Reporter l’âge de départ à la retraite à 65 ans « n’est pas un totem », a déclaré ce mardi 3 janvier la Première ministre qui faisait sa rentrée politique au micro de France info. Alors que le président de la République avait pris tout le monde de court en reprenant à son compte cet âge lors de la campagne de réélection, ce rétropédalage n’est pas surprenant si l’on en croit Philippe Moreau-Chevrolet, fondateur de l’entreprise de communication politique MCBG Conseil. « C’est la méthode Macron classique : il fait une grosse annonce qui surprend tout le monde, comme ce genre de réforme brutale qui vient du sommet de l’Etat, et il négocie après. »

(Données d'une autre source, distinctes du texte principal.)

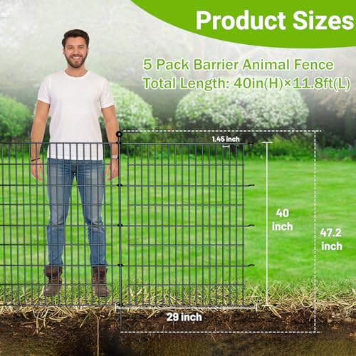 SECURE & STURDY ANIMAL BARRIER>>The metal and spear-top pickets provide a strong physical barrier to deter intruders and keep pets like dogs and rabbits contained. Built to withstand harsh weather conditions, this fence ensures your garden remains protected year-round.

Borne doit « décrisper » la situation et lâcher du lest

Or, ici, c’est Élisabeth Borne qu’il a envoyée négocier. La Première ministre enchaîne les rendez-vous avec les acteurs politiques et sociaux et édulcore petit à petit le projet de réforme des retraites. « Élisabeth Borne est dans l’arène politique entre le président, les partis d’opposition et les syndicats, décrit Dominique Andolfatto, professeur en sciences politiques au Centre de recherche et d’étude en droit et science politique (Credespo) à l’université de Bourgogne. Elle tente de décrisper la situation en lâchant du lest sur plusieurs points, notamment sur les 65 ans qui symbolisent la réforme et cristallisent les oppositions. »

Sur France info, la Première ministre a, en effet, donné quelques garanties et précisé des modalités techniques : elle promet qu’ils n’iront « pas au-delà des 43 années de cotisations » et que l’âge légal pour une retraite à taux plein sans décote resterait à 67 ans. Cet apparent adoucissement de la réforme permet à Borne de se présenter comme une figure « raisonnable » et également « pédagogue », estime Dominique Andolfatto. « Élisabeth Borne se révèle dans ce dossier, elle qui n’était que peu connue des Français ou avait une image plutôt froide et technocratique. Là, elle apparaît comme une modératrice, une femme politique qui engage les discussions et cherche le consensus. »

A la poursuite des voix des Républicains

Pour tenter de canaliser un potentiel mouvement social, la Première ministre joue la montre. Depuis la fracassante annonce d’une réforme à venir en septembre, la présentation ne cesse d’être reculée. Prévue le 15 décembre, elle a été décalée au 10 janvier tandis que le passage devant le Conseil des ministres vient d’être fixé au 23 janvier. « Beaucoup de choses se sont télescopées à la fin de l’année : la crise spécifique à la SNCF, la potentielle mobilisation sociale, un regain possible de la crise sanitaire », liste Christophe Boutin, professeur de droit public à l’université Caen Normandie. Pour le politologue, ce délai devait aussi permettre à Borne de consolider des liens avec l’allié potentiel.

Un allié au singulier, car seul le parti des Républicains pourrait ne pas s’opposer à cette réforme. Si la majorité sénatoriale de droite vote depuis des années une réforme des retraites avec un âge légal de départ à 64 ans et que la candidate LR à l’élection présidentielle faisait campagne pour un report à 65 ans, la question divise toujours députés et sénateurs. Bruno Retailleau a d’ores et déjà appelé ses collègues à soutenir le projet du gouvernement mais la concertation entre la Première ministre et le président du parti, Éric Ciotti, n’a pas été décisive.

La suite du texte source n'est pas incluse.